The Court said a warrant was not required. The officer "might reasonably have believed that he was confronted with an emergency, in which the delay necessary to obtain a warrant under the circumstances" might have resulted in the destruction of evidence. The Court was satisfied that the test used to measure blood alcohol level required a "minimal" quantity of blood and used procedures "that for most people * * * involves virtually no risk, trauma or pain". The record also showed "that the test was performed in a reasonable manner".
We believe the Lebel decision should no longer be followed to the extent that it would exclude admission of blood-alcohol analyses in civil cases. Lebel assumed the Fourth Amendment would prohibit admission in Federal court; Schmerber has deflated that assumption.
We also believe the rule fashioned by Lebel — exclusion of the evidence in a civil case — has been rejected. The United States Supreme Court in United States v Janis, ___ US ___; 96 S Ct 3021; 49 L Ed 2d 1046 (1976), discussed
"an issue of the appropriateness of an extension of the judicially created exclusionary rule: is evidence seized by a state criminal law enforcement officer in good faith, but nonetheless unconstitutionally, inadmissible in a civil proceeding by or against the United States?"
Based on information obtained pursuant to a state search warrant, the IRS assessed the respondent for wagering excise taxes. A state court subsequently quashed the warrant saying it was based on illegally obtained evidence. The lower Federal court then quashed the assessment.
The Supreme Court reviewed the history of the exclusionary rule noting that in "the complex and turbulent history of the rule" it had never been applied "to exclude evidence from a civil proceeding, Federal or state". If the exclusionary rule was extended in the manner suggested, "the enforcement of admittedly valid laws would be hampered * * * and, as is nearly always the case with the rule, concededly relevant and reliable evidence would be rendered unavailable".
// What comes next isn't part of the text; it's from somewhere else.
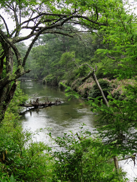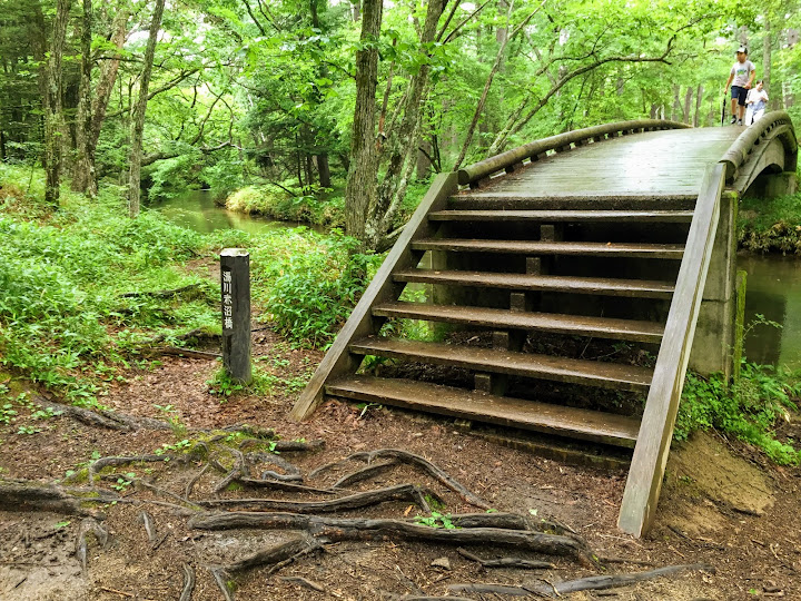 地名源自上古時代,諸神爭奪這塊寶地,最後由二荒神勝出,雄據男體山,一統江湖唯我獨尊。這塊四百公頃溼地,大約就成了他家後院啦。海拔高約1390~1400米,地勢平坦,相當好走。自然研究路則是沿著貫穿戰場原的湯川而開闢的步道,經過溼原的部份大都鋪有木棧道,赤沼以南林地則多為泥土路,適逢午後大雨,頗為泥濘。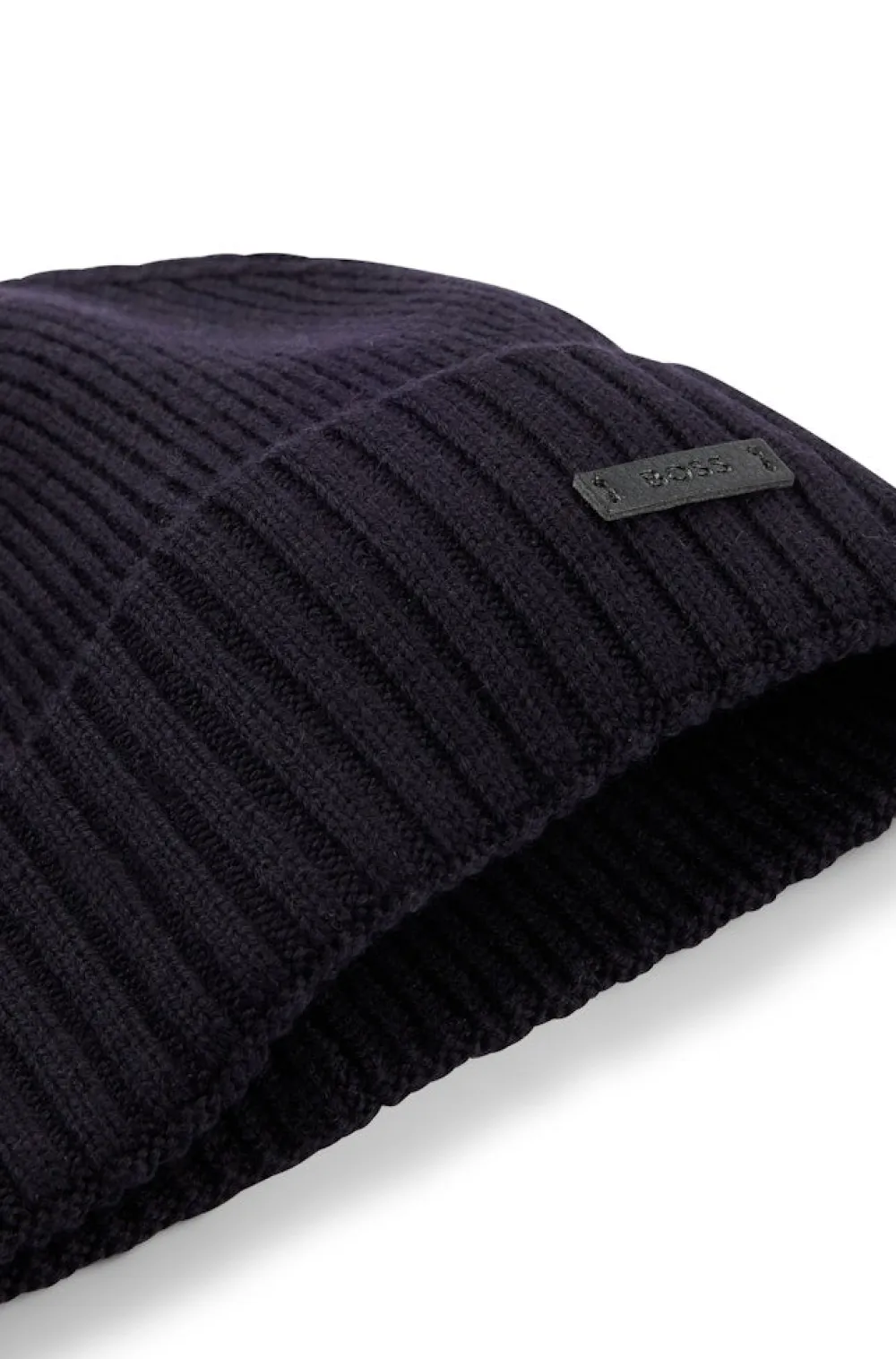 Viihtyisä BOSS-pipo, joka on neulottu kauttaaltaan joustinneuleella ja koristeltu keinonahkaisella logolaatalla. VASTUULLISTA tuotteissamme käytämme aina vähintään 60 % kestävämpiä raaka-aineita. Tämä tuote on valmistettu vastuullisesti hankitusta ja sertifioidusta villasta. Meille vastuullisesti hankittu merkitsee vapaana liikkumista ja eläinten hyvinvoinnin viiden vapauden standardien täyttämistä.

The deterrent function of the rule had already been served because no criminal prosecution, state or Federal, could use the evidence. The offending officer was "already `punished' by the exclusion of the evidence in the state criminal trial". The Court concluded "that exclusion from Federal civil proceedings of evidence unlawfully seized by a state criminal enforcement officer has not been shown to have a sufficient likelihood of deterring the conduct of the state police so that it outweighs the societal cost imposed by the exclusion".
Scientific methods for determining the degree of intoxication based upon the alcohol content of the blood have lifted the fact-finding process from the morass of conjecture into an area in which greater certainty is available. The thrust of the law should encourage such a quest for factual certainty. The question is not one of the constitutionally protected freedom from self-incrimination; rather, it is one of the reasonableness of search and seizure. To exclude evidence of blood alcohol analyses in civil cases, we would require a showing that the sample was obtained by some means shocking to the conscience or offensive to our sense of justice. Acquiring of any evidence by such offensive methods should not be condoned by our judicial system. On that basis, I cannot say that the taking of the blood test in McNitt and Gilbert was unreasonable under all of the circumstances for the purposes of subsequent use in connection with those civil actions.
Because we have rejected the basis for the decisions below, the Court of Appeals and trial courts should be reversed. This matter should be remanded to permit the parties to proceed in accordance with this opinion.
COLEMAN and RYAN, JJ., concurred with LINDEMER, J.